Q: What is the expected revenue for Nvidia in the next fiscal year?
A: Nvidia is expected to generate $206 billion in revenue for the fiscal year ending January 27, 2026, and nearly $275 billion in the following 12 months.
Q: Why is Palantir stock considered risky?
A: Palantir stock is considered risky due to its high valuations, including a P/E ratio of 592 and a P/S ratio of 131, which are far above the S&P 500's average. Any negative news could trigger a massive sell-off.
Q: What is Apple's current strategy in the AI market?

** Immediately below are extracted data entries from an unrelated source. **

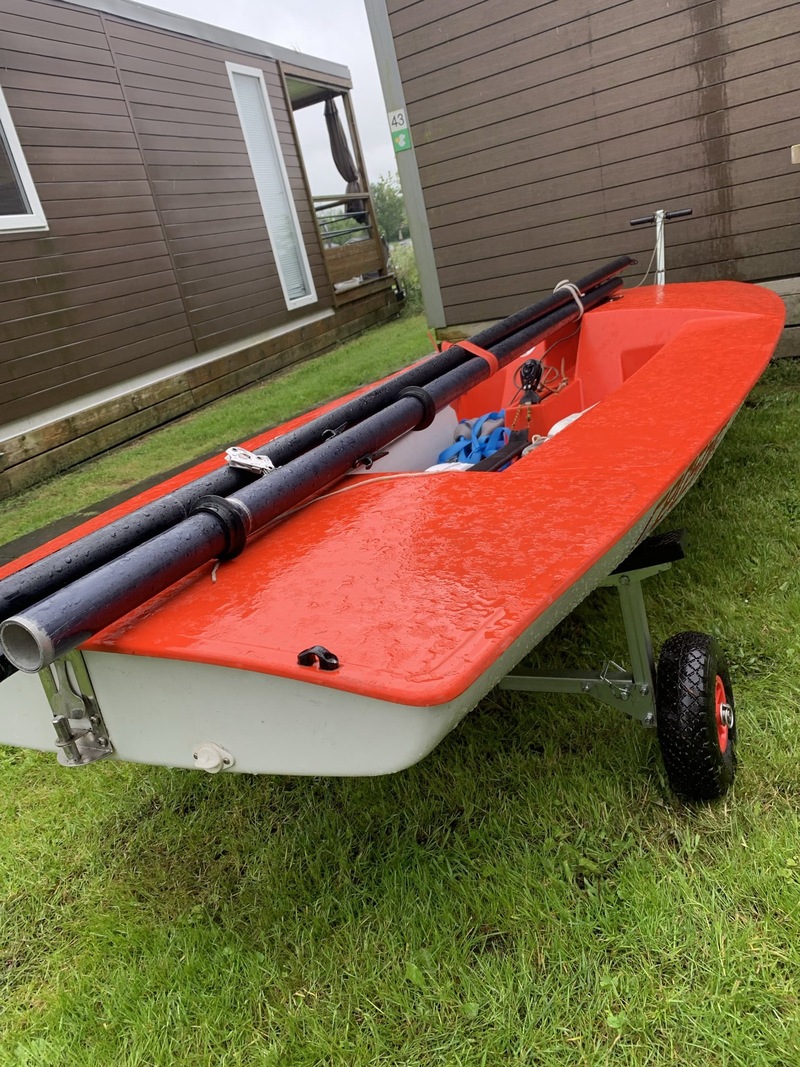 Unsere Jolle ist 3,38m lang, wiegt 43kg und hat zwei mögliche Segel, eines mit 4,2qm und ein größeres mit 5,3qm. 43kg ist schon etwas grenzwertig zu handhaben. Ein Laser im Vergleich wiegt allerdings satte 65kg.
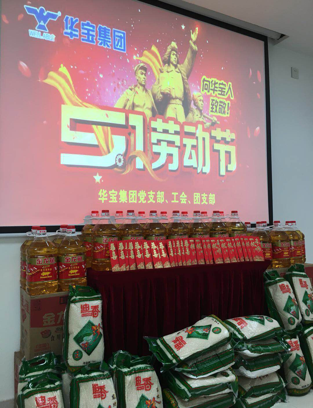 2018年4月28日,“五一”勞動節(jié)前夕,在華寶集團黨工團的指導下,華寶集團舉行了慶“五一”困難職工慰問大會,對各廠參會的職工發(fā)放慰問金和慰問品。集團工會主席師體偉和副主席陳云偉分別發(fā)表講話,對困難職工表示親切的關懷和慰問,職工代表發(fā)言表達對公司的感謝。
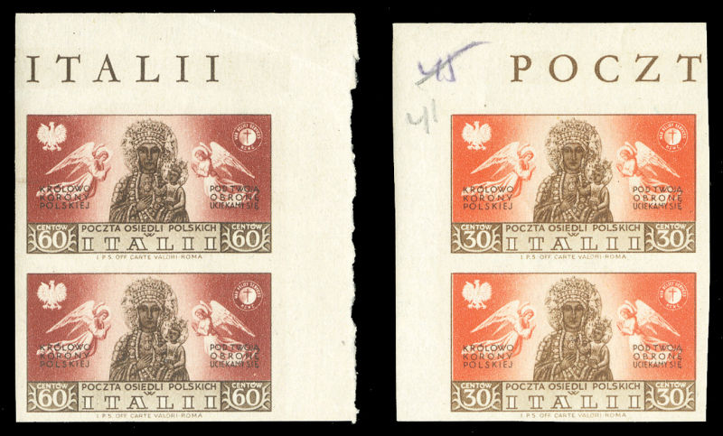 WORLD WAR II OCCUPATION ISSUES Polish Corps in Italy - Corpo Polacco (Sass.19A,21A) 1946 Madonna, 30gr orange & brown, 60gr brown & rose, imperforate sheet corner margin vertical pairs, n.h., v.f., extremely rare (Sass. Euro 24,000) (Image)
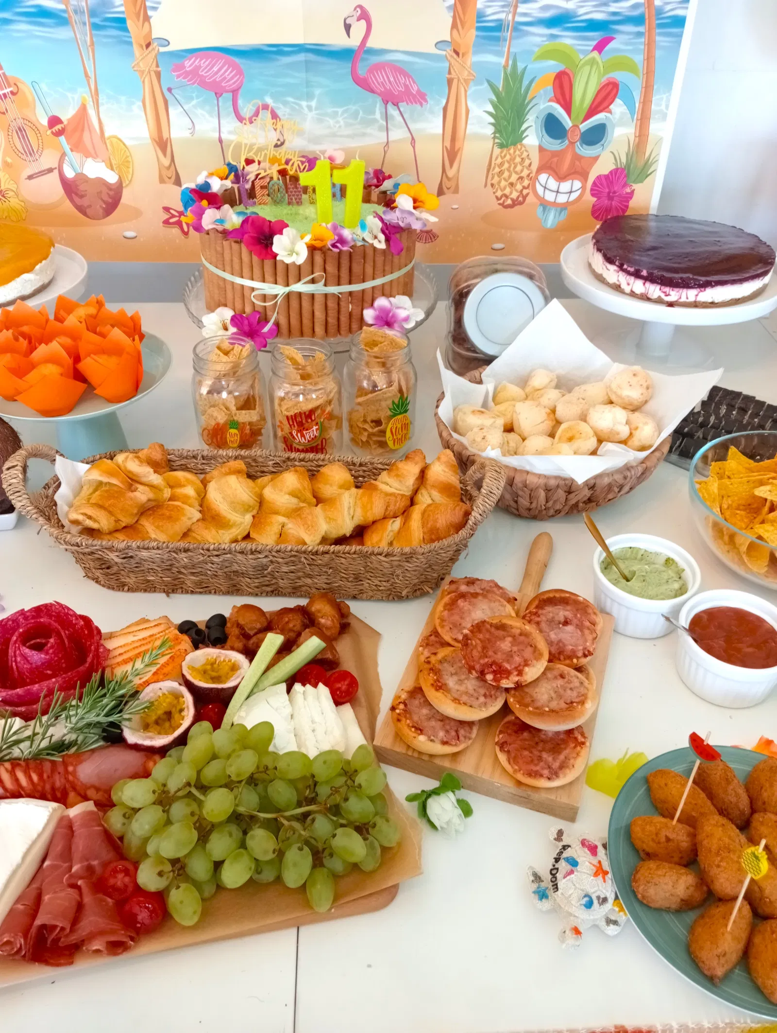 O aniversário da minha filhota é no Verão. Então, desde que ela deixou de querer temas de personagens infantis, optamos sempre por escolher temas tropicais com cheirinho a Verão 😊 Temos sorte de ter espaço exterior e uma piscina que, embora não muito grande, faz as delícias dos mais pequenos.

A: Apple has delayed its AI features, including an upgraded Siri, to 2026. However, the company continues to focus on delivering high-quality hardware and maintaining a strong ecosystem, which could give it time to develop compelling AI solutions.
Q: What is the forecasted growth rate for the AI sector?
A: Grand View Research forecasts a 32% compound annual growth rate (CAGR) in the AI sector through 2033.
Q: How are major tech companies investing in AI infrastructure?
A: Major tech companies like Meta Platforms, Tesla, Microsoft, Amazon, Alphabet, and others are investing billions in AI infrastructure, primarily in the form of advanced GPUs from Nvidia, to enhance their AI capabilities and achieve better ROI.